更年期とは閉経周辺期とも呼ばれ、閉経後と区別している。
更年期には卵巣機能が低下していくことに伴い、卵巣からのエストロゲン分泌が低下し
自律神経失調症の症状と社会心理的要因と共に様々な症状を呈する。

典型的な症状は、hot flush、発汗、冷え症などの血管運動神経症状。
他にも、肩こり、関節痛などの運動器官系障害。
不眠・めまい・抑うつ・疲れやすい、意欲低下・頭痛などの精神神経障害。
食欲不振、下痢のような消化器症状などなど多岐に渡る。

精神神経障害の中でも、抑うつは更年期女性の40%に認められるという。
閉経周辺期では、女性のうつ病発症率は著明に増加し閉経後は次第に減少することが知られている。

40%って( ̄□ ̄;)!
(これは「乳がん罹患女性の中の」ではなく、全更年期女性です)

とはいえ、更年期障害に含まれる「更年期のうつ状態」なのか
この時期に発症した「本物のうつ病」なのかという鑑別が
お医者さん的には必要。
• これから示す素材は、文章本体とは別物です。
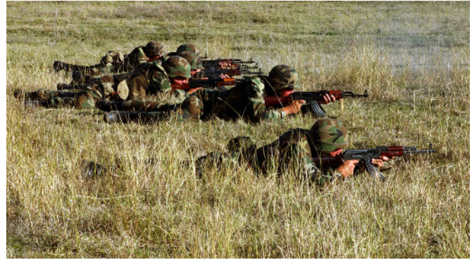
Georgian soldiers take aim in the Georgia Train and Equip Program.
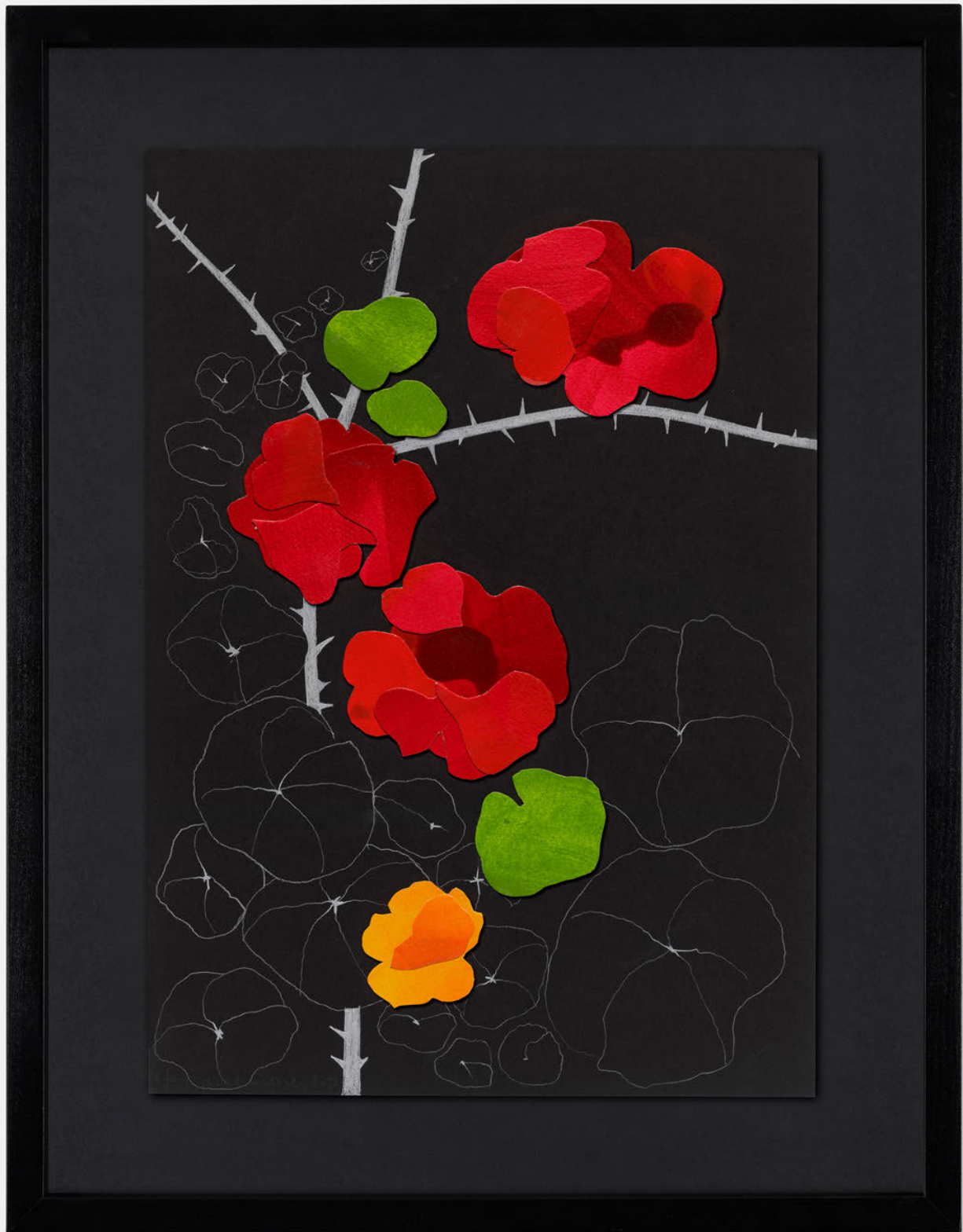
CL123. Peel Cottage Garden Brian Clarke

2022, white pencil and acrylic painted paper collage on black card 42 x 29.5 cm (52 x 40 cm framed)

治療が違ってくるから。
でも、とっても鑑別が難しいんですって。

とにかく更年期ってのはうつ状態になりやすく、うつ病にもかかりやすいようだ。
そして以前から、うつ病ってのは女性の方が男性よりもなりやすいといわれている。

なぜか?

やはりそこにはエストロゲンが大きく関わっているということに尽きる。
エストロゲンが低下して生じる不調なら、エストロゲン補充しましょーというのが
ホルモン補充療法。
今や内服薬だけではなく皮膚パッチなんかもあったりしちゃう。
ホルモン陽性乳がんの治療中でなければ、これも治療法として選択肢のひとつになりますが
なんたって「エストロゲン、ダメ、絶対!」的な治療をしている身には禁忌っす。

エストロゲンの変動に伴う抑うつは
・更年期
・PMS(月経前症候群)
・妊娠、出産期
という3つの好発時期があるというんだから、女性は大変だぁ。

一方、この閉経周辺期にエストロゲン分泌が低下する時に
脳内の神経伝達物質であるセロトニン(5-HT)が一緒に減ってしまう。
エストロゲンは脳内でセロトニンやノルアドレナリンが代謝されるのを抑え、
その合成を促す働きをする。
そのためにエストロゲンの分泌が減少すると、セロトニン、ノルアドレナリンが不足し
抑うつを呈するようだ。

そこで登場するのがSSRIやSNRIなどの抗うつ薬。
セロトニンたちの活性をあげようということですな。
減っちゃったんだから増やしてやろうぜ!って戦略。
何はともあれ、大変になった時はお薬の力を借りることが
有効な改善方法であるならば、恐れず使うのがよい!と思う。


しかし!こんな記述があったよ。

ーーーーーーーーーーーーーーーーーーーーーーーーーーーーーーーーーーーーーーーーー
女性の更年期のうつ病には男性にはない特徴的な状況があり,その特徴を診察室で早く
医療者が感じることが早期の診断につながる.その基盤には「べき思考」があり,また比
較的簡単に「罪業妄想」をいだき,家人から責められても自分を卑下し,がんばり続ける
姿がある.慢性化,重症化するまで受診しないという傾向もみられる。
ーーーーーーーーーーーーーーーーーーーーーーーーーーーーーーーーーーーーーーーーー
(水沼ら、日産婦誌61巻 9 号、2009)

ああ〜、なんかこんな風にがんばっちゃってる人、多いような気がする。
(自分は全くこういうタイプではありません、なまけものタイプ)

そしてそして、精神神経症状にも漢方薬も効果があるよう。
自分に合うものを見つけることが出来ればいいですよね。


「しかし,更年期女性のうつ病においては心理的な要因を抱えている比率が高く,薬物療法よりもむしろ,
時間をかけた医療面接や傾聴を基盤としたカウンセリングによる現状の認知と価値観の再考が重要である.」

ということからも、自分のことを後回しにしてきた分、自分の話を聞いてもらうこと
自分の話をすることも考えを整理するのに有効なのだなと感じる。
だからいろんな人に自分のことを話すことで、抑うつを回避出来ることもあるのかもしれないですね。
遠慮せずに、話題ドロボウになるくらい話すってのも、時にはいいのかもよ(。-w-)

現状の認知と価値観の再考…なんて病気を機にがばーーっとされたわぁってのは
私の個人的な体験だけど、体に合わせて、思考も変化させていく柔軟性も大事なのかなーと思います。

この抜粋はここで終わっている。